C'est n'avoir rien compris aux sources profondes qui ont fait jaillir le mouvement des «gilets jaunes». Confus, contradictoire, indiscernable parfois, il a toutefois pour premier slogan une phrase limpide: «Laissez-nous vivre de notre travail.» Rien dans une telle supplique ne contient la revendication d'un statut, d'une subvention, d'un impôt. La contradiction même soulignée par Emmanuel Macron entre la double exigence de service public et de baisse des impôts n'est qu'apparente. Elle dit plutôt que le contribuable ne s'y retrouve pas entre ce qu'il donne à la collectivité et ce qu'elle lui procure. Pourquoi alors affubler du masque de l'hideuse passion robespierriste cette révolte fiscale?

Le tournant que demande la classe moyenne avec ou sans jaune fluo est social, mais il n'est pas comptable.

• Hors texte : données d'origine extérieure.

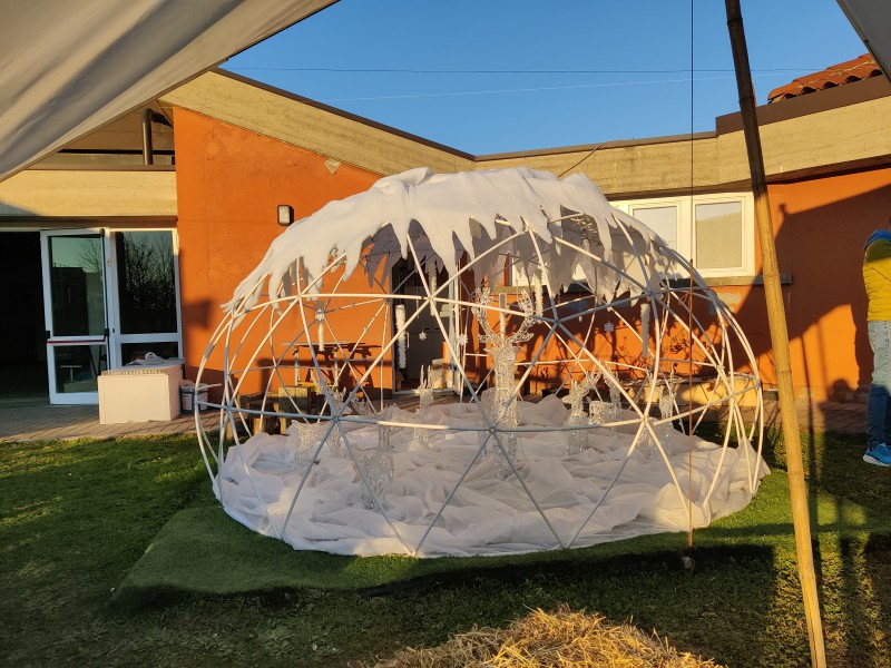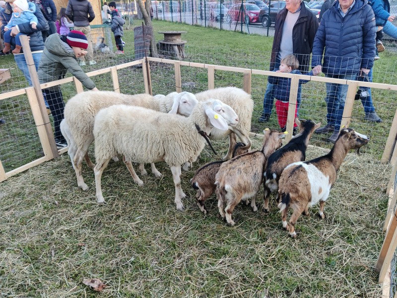 Insegnanti e genitori si sono messi all’opera per ricreare un vero e proprio villaggio colmo di botteghe e artefatti, impersonando figure come il calzolaio, il falegname e il tessitore. Attorno a loro numerosissimi animali hanno dato il benvenuto ai bimbi, i quali hanno potuto accarezzate e dare da mangiare all’asinello, alle pecore, alle capre e alle galline presenti.

Il a pour cause, c'est évident, l'inquiétude économique, mais, plus profondément, il exprime, et jusque dans son nihilisme destructeur, la nécessité d'un projet de civilisation. Si la «France moche», celle qu'on traverse dans les romans de Houellebecq, celle des quartiers périurbains, se réfugie, du pavillon au centre commercial, dans la consommation, elle cherche désespérément l'amitié du monde qui humanise la vie quotidienne: la sécurité, la sociabilité, la communauté d'expérience, les fêtes collectives, le foyer, la beauté. Ballottée par les vents violents de la mondialisation et du multiculturalisme, elle crie pour ses fins de mois, mais l'angoisse qui l'étreint est celle de la fin d'un monde: le sien.